Closer Than You Think


On Memorial Day as a child, we would always visit the cemetery where my grandfathers and grandmothers were laid to rest. I was young. It was an eerie experience. I had a sister who loved to share Vincent Price's black and white movies with me and I now realize that this sharing may have been the dark backdrop that shrouded all of my visits to cemeteries in my youth. Cemeteries were tense and terrifying to me.


While weeding my grandparent’s overgrown stones, my mother would ask the much younger me to go fetch water for her to complete her small bouquets of the traditional Memorial Day pink peonies in glass jelly jars. I was terrified to walk through that graveyard, surrounded by death and despair. But, I reluctantly obeyed. Wandering uphill through death stone after death stone in the graveyard, I would lose sight of my mom. "Mommy!!!" I would cry. I paused to listen. "I'm right over here," her calm voice replied, sounding humored. This gave me just enough strength to carry on.

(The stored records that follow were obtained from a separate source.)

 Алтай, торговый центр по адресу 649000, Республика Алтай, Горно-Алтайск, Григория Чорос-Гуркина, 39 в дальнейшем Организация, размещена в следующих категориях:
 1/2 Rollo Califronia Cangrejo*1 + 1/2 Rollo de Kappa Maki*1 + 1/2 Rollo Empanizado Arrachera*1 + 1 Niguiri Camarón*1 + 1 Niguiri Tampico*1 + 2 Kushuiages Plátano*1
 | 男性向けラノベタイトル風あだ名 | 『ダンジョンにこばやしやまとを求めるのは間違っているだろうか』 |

Some of the plots had fresh dirt, which I would quietly tip toe around. According to those old movies, that kind of soil held the tremendous possibility of producing pale, gnarled, emerging hands to grab ankles. These thoughts accelerated my steps through the yard. I felt that I had to wander on alone in terror for what seemed like miles to find the pump station. Arriving, I would immediately blast the water into my bucket, as grave heaviness crept in all around me. Then, running scared with uneven steps back to the sound of my mom’s voice, the brimmingly-full container sloshed all over Yoder and Miller and Kaughman as I sped past their monuments. I usually arrived at my mother's side with only a half bucket of the precious cargo.

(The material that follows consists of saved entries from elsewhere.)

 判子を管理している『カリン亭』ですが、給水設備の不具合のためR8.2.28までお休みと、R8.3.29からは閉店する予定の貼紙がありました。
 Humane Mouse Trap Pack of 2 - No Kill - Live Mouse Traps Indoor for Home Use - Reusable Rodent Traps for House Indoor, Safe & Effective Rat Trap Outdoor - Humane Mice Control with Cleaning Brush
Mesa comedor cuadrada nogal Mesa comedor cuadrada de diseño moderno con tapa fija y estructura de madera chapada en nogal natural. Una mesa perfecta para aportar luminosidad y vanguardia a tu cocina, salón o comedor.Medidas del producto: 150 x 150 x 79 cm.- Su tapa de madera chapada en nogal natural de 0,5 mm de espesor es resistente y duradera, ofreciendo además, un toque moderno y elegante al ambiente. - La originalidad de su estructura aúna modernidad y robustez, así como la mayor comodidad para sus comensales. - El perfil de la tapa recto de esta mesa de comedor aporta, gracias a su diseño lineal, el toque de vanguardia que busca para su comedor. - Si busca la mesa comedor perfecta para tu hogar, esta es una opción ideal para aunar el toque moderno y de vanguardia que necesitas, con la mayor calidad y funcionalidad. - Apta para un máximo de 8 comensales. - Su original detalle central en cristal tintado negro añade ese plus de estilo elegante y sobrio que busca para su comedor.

This past Memorial Day, I went again to those honor stones of my family; my great-grandparents, grandparents, father, and most recently my Vincent Price-loving sister, for whom I brought a pot of daisies. I found myself needing water this time which made me smile. I glanced up from her space that was nearby my grandparent’s stone and I easily spotted the spigot. That terrible, rusted spigot. The very same spigot that I had dreaded as a child.


Somehow now with a more mature perspective, it amazed me how CLOSE the water had actually been to our family plot where my mom had stood. Years before I had been so focused on the darkness, the dreadful, and the doom, I failed to realize just how near I was to my mom. I had never really been out of her care and always been just within safety’s reach.

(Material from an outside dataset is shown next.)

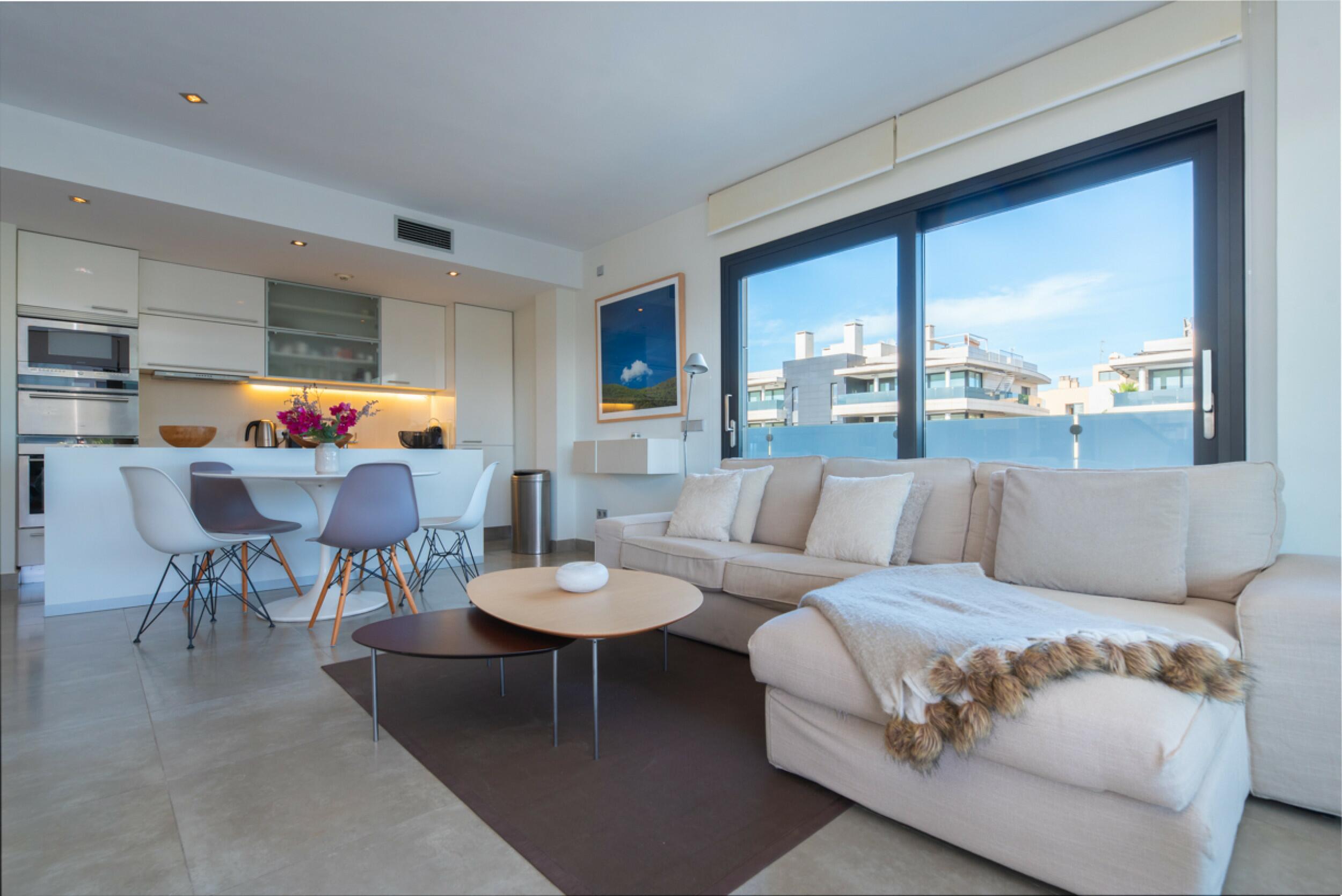 Exclusivamente disponible con Prestige Properties, «Apartmento Nova" es un elegante apartamento moderno de dos dormitorios ubicado en una comunidad apreciada de Can Misses, Ibiza. Esta sofisticada residencia combina un estilo de vida urbano refinado con amplios espacios exteriores y servicios comunes de primer nivel, incluyendo un servicio de conserjería diario para una tranquilidad y comodidad óptimas.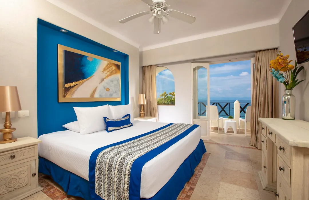 Rooms at Blue Chairs Beachfront Resort Puerto Vallarta - Adults Only include air conditioning, flat-screen TVs, and furnished balconies with ocean views. Suites feature up to two king-size beds, a kitchenette, living room, dining room, and two private bathrooms.

Because a loving voice was guiding me back, the return was always SOOO much better. Her reassuring voice took my focus off of the overwhelm and placed it on a guiding love. What a lesson for my heart; listening for God’s voice in my life, His leading, and realizing that He is so much closer than we think, even though we cannot see Him.


Our path with our special kids can be scary and the journey seems long. It is so easy to lose sight of where we actually are in all of the uncertainty and the unforseen. In Jesus, we are not alone in our navigation and we are never out of His care. If we but call out to Him and pause to listen for his voice, He will lead our way.


And He's closer than we think.


“I love the Lord because he hears my voice and my prayer for mercy. Because he bends down to listen, I will pray as long as I have breath! Death wrapped its ropes around me; the terrors of the grave overtook me. I saw only trouble and sorrow. then I called on the name of the Lord: “Please, Lord, save me!” How kind the Lord is! How good he is! So merciful, this God of ours! The Lord protects those of childlike faith; I was facing death, and he saved me. Let my soul be at rest again, for the Lord has been good to me.”